# [Instructions for the task]
Return the listing exactly as it appears, but strip out the images.

# [Data for the task]
────────────────────────────────────────

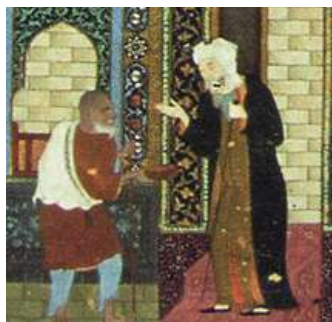
تصویر 5: نمایش گدا و سد راه وی بر در مسجد

سراسر نگاره وجود افرادی را نشان می‌دهد که هر کدام مشغول به انجام کاری هستند، تمامی این افراد در این نگاره معرف و نمایانگر نمادین مراتب اعمال مختلف انسان‌ها در مراحل مختلف طریقت هستند. اهل مناجات و استغاثه، اهل مباحثه، اهل ذکر و مراقبه، اهل نماز، عارف گدایپیشه، همگی جلوه‌هایی از انسان‌ها بشمار می‌روند. اوج مضمون و محتوای اصلی داستان در نگاره که خلاصه تصویری از عنوان را به تصویر می‌کشد، در مرکز تصویر و پایین، مرد زاهد با پوشش و جامه فاخر در مقابل پیر مرد گدا مصور شده و راه را بر او بسته‌است (تصویر 5)
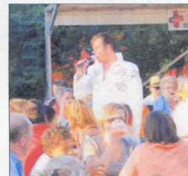
Der Elvis-Imitator scheute sich nicht vor Publikumsnähe.
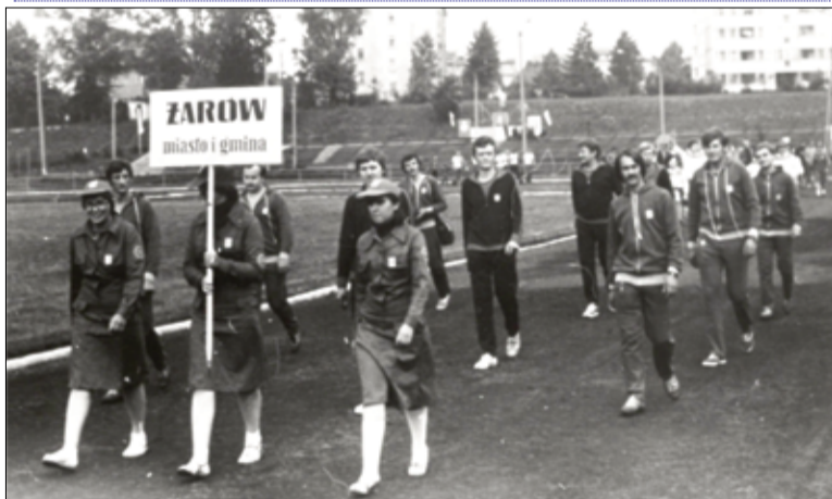
Złot wojewódzki TKKF w Kłodzku, rok 1978.

do współzawodnictwa, to nie sposób powiedzieć o turniejach siatkarskich. Ilość przeprowadzonych rozgrywek jest imponująca. My wymienimy tylko te najważniejsze, do których zaliczamy: Mistrzostwa Dolnego Śląska Amatek w siatkówce, Memoriał im. Edwarda Sypniewskiego (15. edycji), zawody o puchar Burmistrza Miasta Żarów oraz turniej Prezesa klubu.

────────────────────────────────────────

# [Reply]
تصویر 5: نمایش گدا و سد راه وی بر در مسجد

سراسر نگاره وجود افرادی را نشان می‌دهد که هر کدام مشغول به انجام کاری هستند، تمامی این افراد در این نگاره معرف و نمایانگر نمادین مراتب اعمال مختلف انسان‌ها در مراحل مختلف طریقت هستند. اهل مناجات و استغاثه، اهل مباحثه، اهل ذکر و مراقبه، اهل نماز، عارف گدایپیشه، همگی جلوه‌هایی از انسان‌ها بشمار می‌روند. اوج مضمون و محتوای اصلی داستان در نگاره که خلاصه تصویری از عنوان را به تصویر می‌کشد، در مرکز تصویر و پایین، مرد زاهد با پوشش و جامه فاخر در مقابل پیر مرد گدا مصور شده و راه را بر او بسته‌است (تصویر 5)
Der Elvis-Imitator scheute sich nicht vor Publikumsnähe.
Złot wojewódzki TKKF w Kłodzku, rok 1978.

do współzawodnictwa, to nie sposób powiedzieć o turniejach siatkarskich. Ilość przeprowadzonych rozgrywek jest imponująca. My wymienimy tylko te najważniejsze, do których zaliczamy: Mistrzostwa Dolnego Śląska Amatek w siatkówce, Memoriał im. Edwarda Sypniewskiego (15. edycji), zawody o puchar Burmistrza Miasta Żarów oraz turniej Prezesa klubu.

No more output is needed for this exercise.